Lightfoot, in his love of hockey, in his fondness for a stiff drink, seemed like every one of my uncles. Had my uncles been talented songwriters. I thought of the crews of all the ships—including, of course, The Edmund Fitzgerald—who’d perished in these waters. I thought back to what I’d read over breakfast about Lake Superior: that it’s actually not a lake at all—but rather an inland sea. And that it’s so large

that all of the other great lakes (plus three more the size of Lake Erie) would fit inside Superior. And of all Superior’s factoids, this one seemed to offer the most mystery: it takes two centuries for all of the water to replace itself—there is water in Lake Superior as old as Canada itself.

We continued south. Past glorious rock cuts and foaming surf and tidepools. Past bays so pristine they looked like they’d never been touched by man. At Pancake Bay, Jennifer and I waded out through the chilling waters to a sandbar, where we threw a frisbee until our shoulders ached. Back on the bike, we continued southbound through Jones Landing and Harmony beach, eventually settling into our hotel in Sault Ste. Marie exhausted and sore (from the frisbee, not the Gold Wing) before heading out for dinner.

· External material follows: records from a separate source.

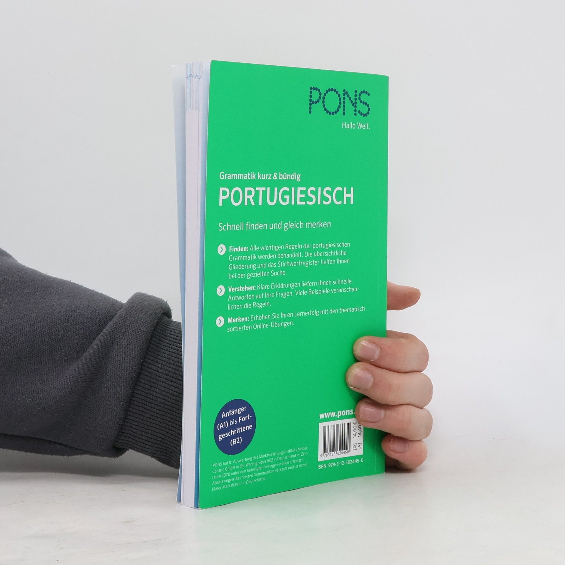 Portugiesische Grammatik: Schnell finden und gleich merken Finden: Alle wichtigen Regeln der portugiesischen Grammatik werden behandelt. Die übersichtliche Gliederung und das Stichwortregister helfen Ihnen bei der gezielten Suche. Verstehen: Klare Erklärungen liefern Ihnen schnelle Antworten auf Ihre Fragen. Viele Beispiele veranschaulichen die Regeln. Merken: Erhöhen Sie Ihren Lernerfolg mit den thematisch sortierten Online-Übungen. Für Anfänger (A1) bis Fortgeschrittene (B2)
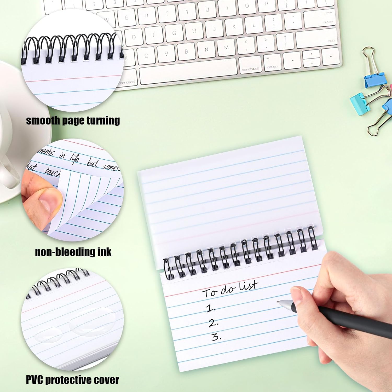 - Protective Cover - The index cards come with double-sided frosted PVC protective covers, both sides of the notepad are protected, and the PVC covers of the index cards play a role of waterproof and dustproof. And the cover will give the notepad a strong support when writing offhand.
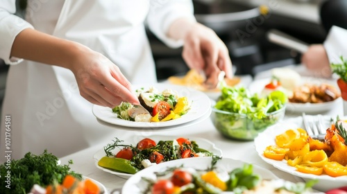 food, cooking, chef, meal, kitchen, eatery, cook, preparation, plate, dish, hand, cookery, delicious, vegetable, healthy, professional, fresh, man, meat, ingredient, tasty, dinner, table, uniform, culinary, prepare, person, people, occupation, epicure, background, closeup, preparing, sauce, cooked, service, profession, work, white, seafood, dining, garnish, woman, lunch, illustration, cafes, making, business, fine dining
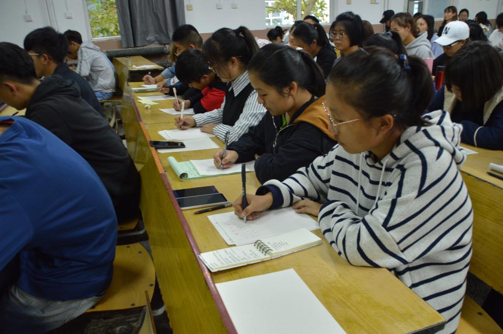为提高员工书法教学能力,更好参与公司在师大实验小学实践育人基地和志愿服务基地的实践教学1017日,公司邀请研究生孙克斌在02218教室对大一大二全体员工进行了硬笔书法教学能力培训活动。
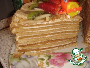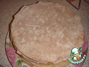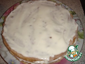 Смазываем кремом ( 1 л. сметаны и 1 стак. сахара, 1 пакет ванилина), крем нужно приготовить заранее, чтобы сахар растворился в сметане.
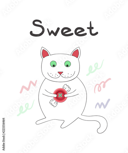 Kočka kosmonaut vektor. Kotě na sobě astronaut helmu kreslená postavička ikona. Domácí zvíře létající ilustrace izolovaných na bílém pozadí. Galaktické dobrodružství, průzkum vesmíru
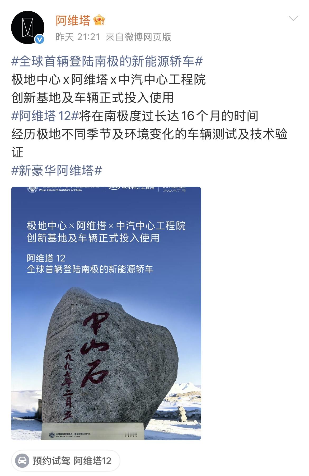阿维塔的一条信息引起了大家的误解。 起因是阿维塔在12月8日发布信息称,阿维塔12抵达南极,作为全球首辆登陆南极大陆的新能源轿车直面零下50摄氏度的考验。 有人怀疑阿维塔虚假宣传,因为南极现在是夏季,温度根本没有零下50摄氏度,怎么进行极寒考验。 在昨天,阿维塔回应公众关切称,阿维塔12将在南极度过长达16个月,会经历南极春夏秋冬四季。 言外之意就是,前面说的直面零下50摄氏度并没有说现在就去面对,在南极大陆冬季来临的时候,阿维塔12就会直面极寒低温的考验。 之所以会引起大家的误会,是因为之前没有说清楚。 所以,企业在宣传产品的时候还是要注意方方面面,不要引人误解。

People who live in southern Ontario—I guiltily count myself among their number—are often dismissive of the amenities available in the north. And by amenities I mean food. Good food. Exceptionally

good food. Earlier in the summer, I’d received a tip from a friend who’d traveled up this way. He suggested the restaurant named Peace as a worthy destination. We went without expectation. We were blown away. I did not expect to find an Asian fusion restaurant in Sault Ste. Marie. I had the mango salad and the Korean egg friend rice, but whatever you order, you’ll not be disappointed.

Disappointed. That’s what we were the next morning when we had to leave the north for the south. If you decide to retrace our steps yourself this summer— which we’d strongly encourage you to do—I’d suggest one of two routes. The first is to do what we did, with a long inland trek culminating with a ride down the coast. As an alternative, you can ride up the coast of Superior, spend a night or two in Wawa, and then ride back south to Sault Ste. Marie. One’s as good as the other. The only wrong move you can make it not to go at all—and I trust that you’ll not make that mistake.